Noble's Stake Sale Would Cap Record Agriculture Deal Spreeby and
Number of pending, completed deals at a record high in 2015
Buyers undeterred by lower prices, seeking supply security
The number of agricultural deals has accelerated to a record this year as companies including Noble Group Ltd. and Glencore Plc seek to divest stakes in assets and buyers look beyond plunging prices to secure long-term access to food supplies.
Noble, Asia’s largest commodities trader, is talking to potential purchasers about offloading its 49 percent stake in Noble Agri Ltd., which has trading and processing businesses in regions including South America, Africa, eastern Europe, India and Australia. Glencore has said it plans to divest a stake in its agricultural business, while Margarita Louis-Dreyfus’s family trust, which controls Louis Dreyfus Commodities BV, is considering selling a minority stake in the trading house.
A total of 410 deals, worth about $32 billion, have been completed or agreed in agriculture this year, the highest number in at least 12 years, according to data compiled by Bloomberg. Activity increased even as prices for materials declined, with the Bloomberg Agriculture Subindex of eight globally traded crops falling 14 percent this year.
“The food thematic is very strong,” Belinda Moore, an analyst at Morgans Financial Ltd. said by phone from Brisbane. “All it takes is some bad crops somewhere or a weather event and soft commodity prices will be up strongly and we’ll be talking about food shortages and how countries are going to feed growing populations.”
The average deal premium in agriculture has risen to 41 percent this year from 27 percent in 2014, the data show. The value of deals in the sector last year rose to $66 billion, the highest since 2007.
Cofco Corp., China’s largest food company, is one of the potential buyers of the remaining stake in Noble Agri, according to a person familiar with the matter. Cofco already leads a group that owns 51 percent of the unit, which it bought for $1.5 billion.
“If there’s 1 billion people to feed, then it makes more sense to pay a premium to secure a food source,” Carey Wong, a Singapore-based analyst at Oversea-Chinese Banking Corp. said by phone. “In a situation where there’s an acute food shortage, you basically own the farm. That’s incentive enough.”
China has 21 percent of the world’s population with just 9 percent of its arable land, and an even lesser percentage of fresh water, according to Jefferies Group LLC.

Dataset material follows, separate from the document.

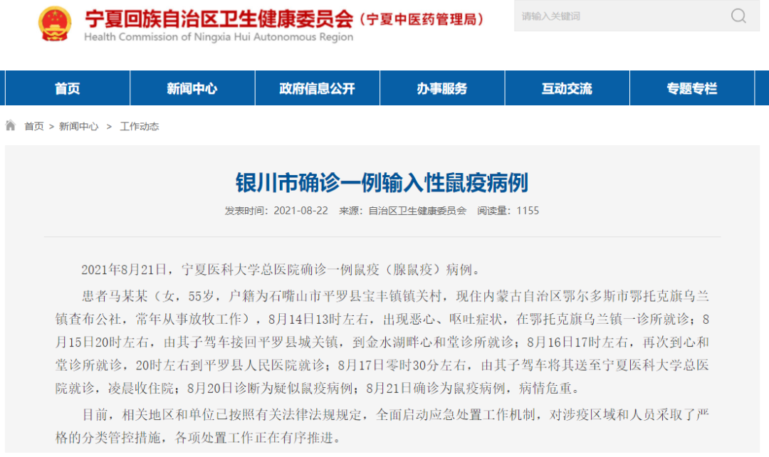 | 宁夏卫健委通报称,2021年8月21日宁夏医科大学总医院确诊一例鼠疫(腺鼠疫)病例。 患者马某某(女,55岁,户籍为石嘴山市平罗县宝丰镇镇关村,现住内蒙古自治区鄂尔多斯市鄂托克旗乌兰镇查布公社,常年从事放牧工作),8月14日13时左右,出现恶心、呕吐症状,在鄂托克旗乌兰镇一诊所就诊;8月15日20时左右,由其子驾车接回平罗县城关镇,到金水湖畔心和堂诊所就诊;8月16日17时左右,再次到心和堂诊所就诊,20时左右到平罗县人民医院就诊;8月17日零时30分左右,由其子驾车将其送至宁夏医科大学总医院就诊,凌晨收住院;8月20日诊断为疑似鼠疫病例;8月21日确诊为鼠疫病例,病情危重。 根据《国家鼠疫控制应急预案》,宁夏回族自治区政府决定自2021年8月22日1时起,启动鼠疫疫情防控四级应急响应,全力救治患者,全面落实综合防控措施,确保疫情不传播、不扩散。据不完全统计,近一年来,我国已发生多起人确诊鼠疫病例: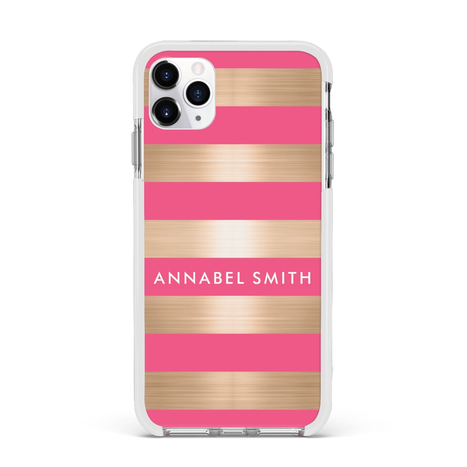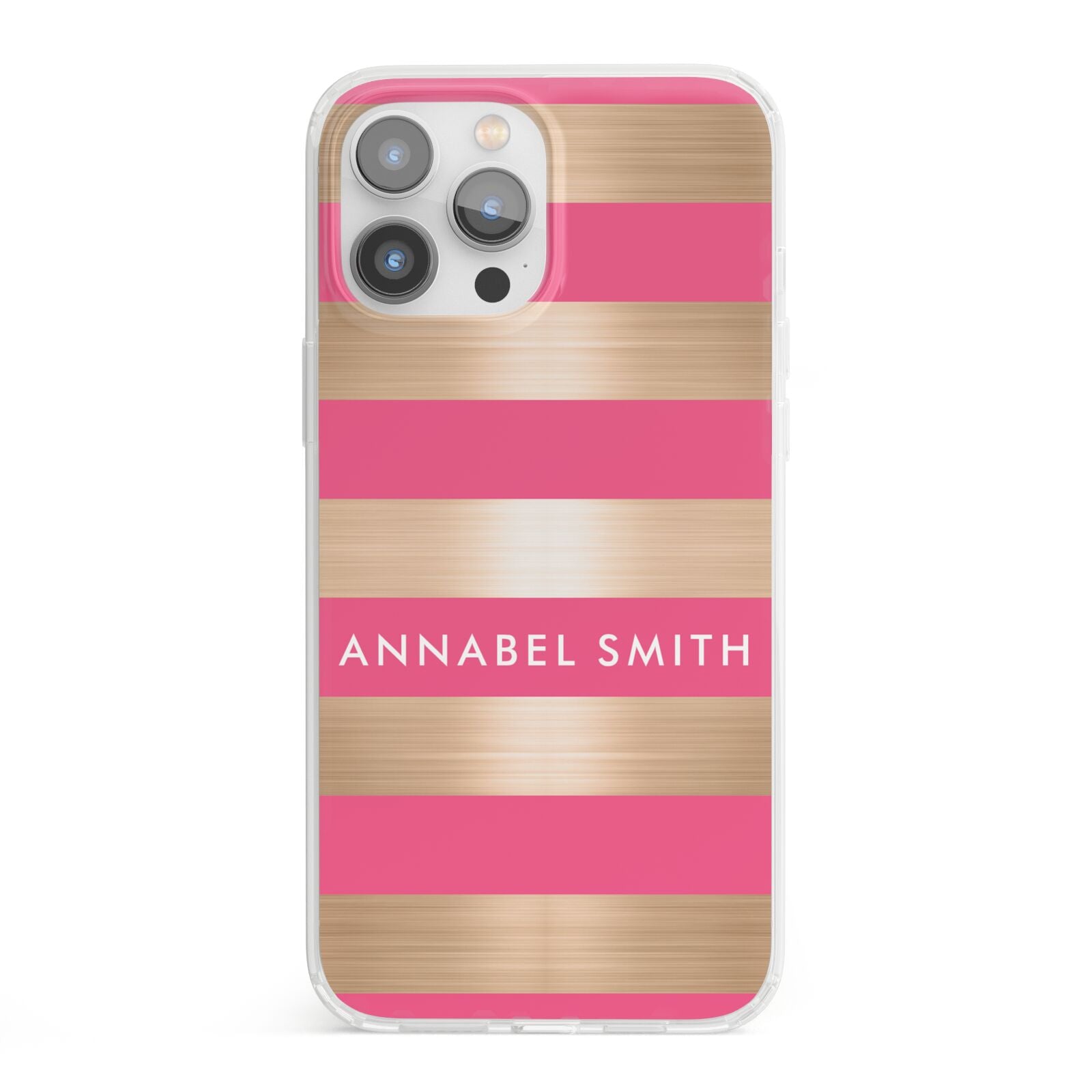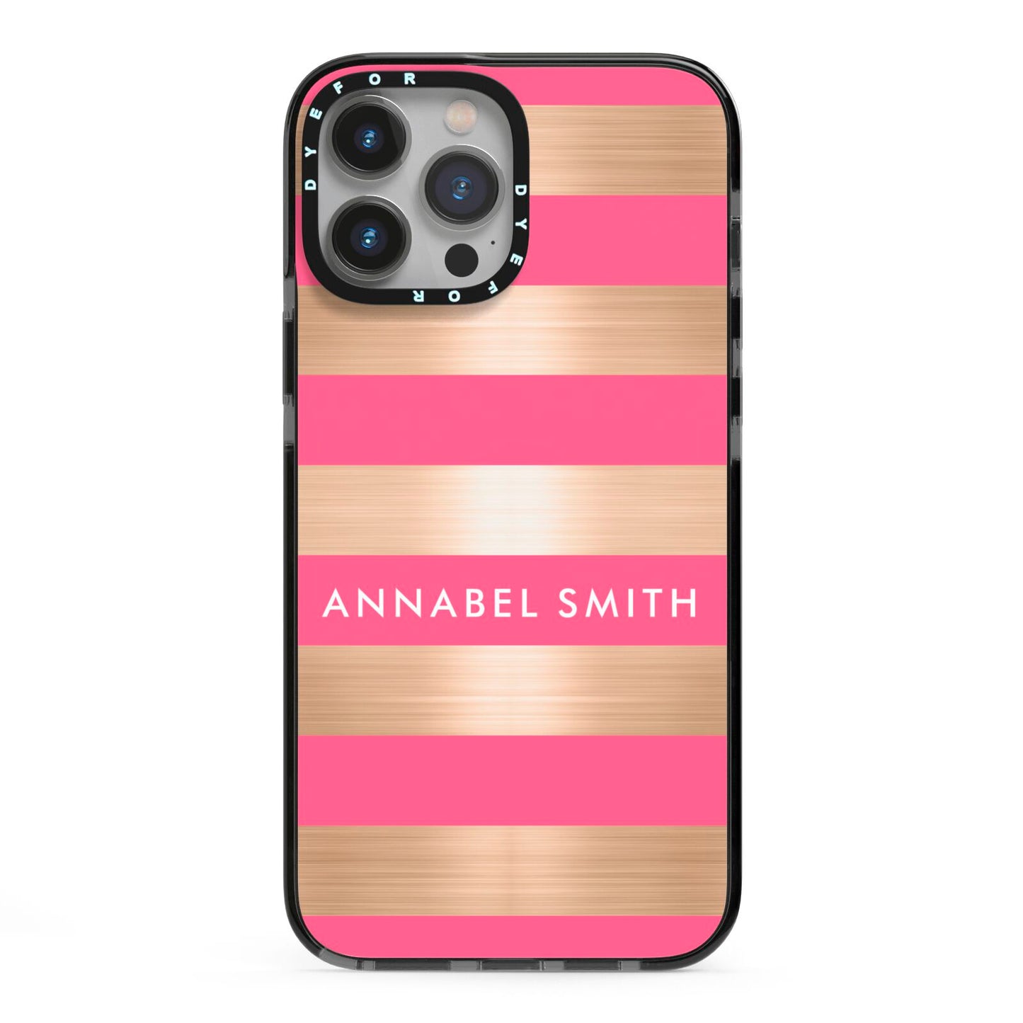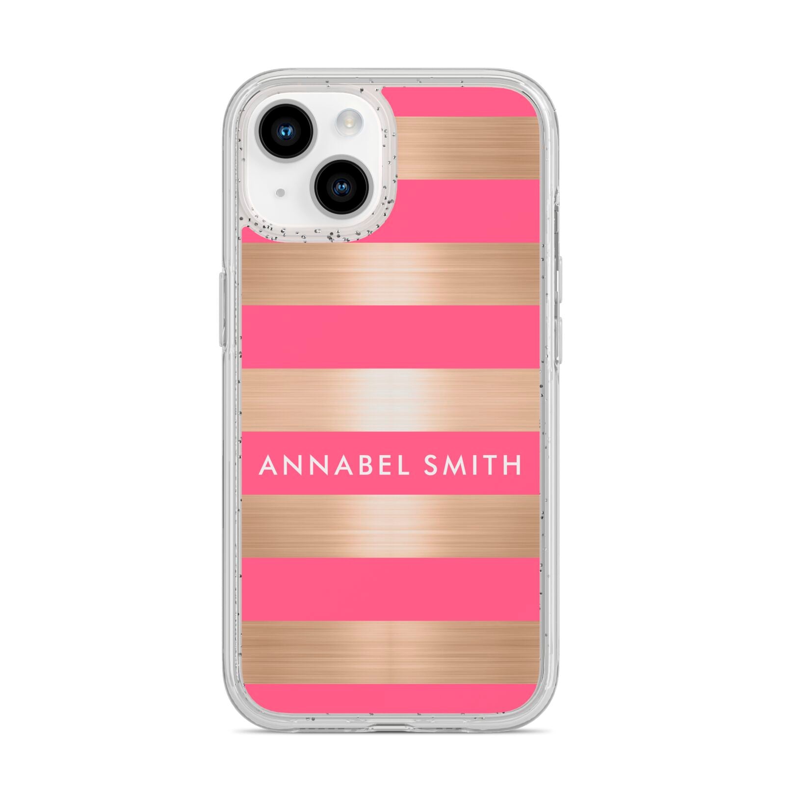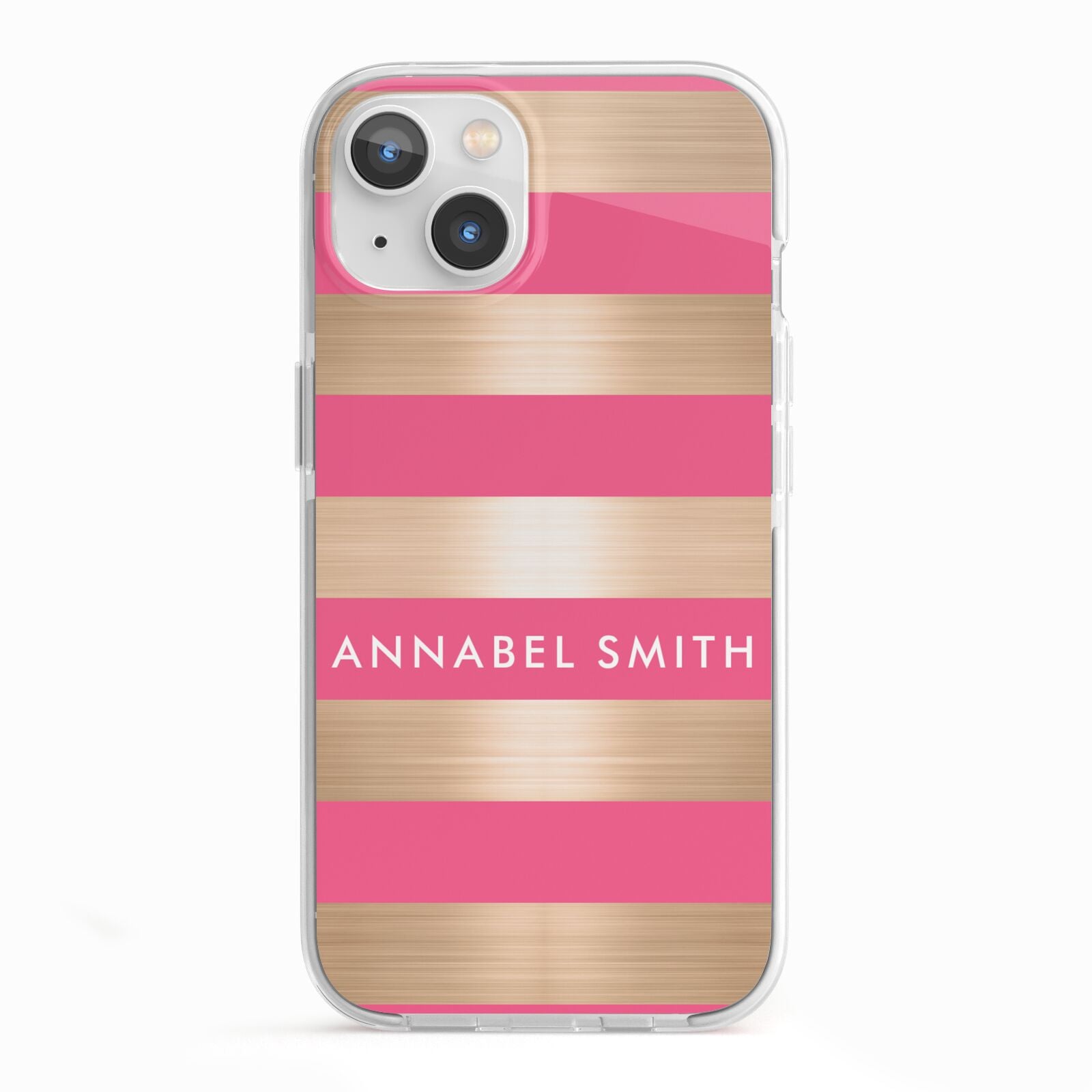 Personalised Gold Pink Stripes Name Initial Apple iPhone Case

Tumbling prices are also spurring dealmaking in the sector, according to Nobuyuki Chino, president of Continental Rice Corp., a grain-trading company in Tokyo. “Falling grains prices globally have eroded earnings of producers and traders, prompting some companies to sell their less-profitable agriculture sectors to others,” said Chino, who has traded grains including corn, rice and soybeans for almost four decades.
Mitsubishi Corp. in August agreed to buy a 20 percent stake in Olam International Ltd. in two deals worth about $1 billion. Olam, among the world’s biggest traders of coffee and rice, is ready to deploy almost $2 billion on acquisitions to seize on lower agricultural commodity prices, Chief Executive Officer Sunny Verghese said in an interview in September.
Should Cofco acquire the balance of Noble’s agricultural unit it would allow the further integration of its trading operations, envisioned when Cofco bought its initial stake in Noble Agri and took control of Dutch grains supplier Nidera BV last year.
Large producers and trading companies are seeking to increase the diversification of their portfolios in part to tap demand from rising numbers of middle class consumers in developing economies, a factor that’s likely to drive continued dealmaking, according to Morgans Financial’s Moore.
“It’s about further product diversification across different commodities, further geographic diversification,” Moore said. “Being able to supply to the growth markets of Asia and Middle East, having that leverage and owning strategic assets is a very powerful argument to your customer.”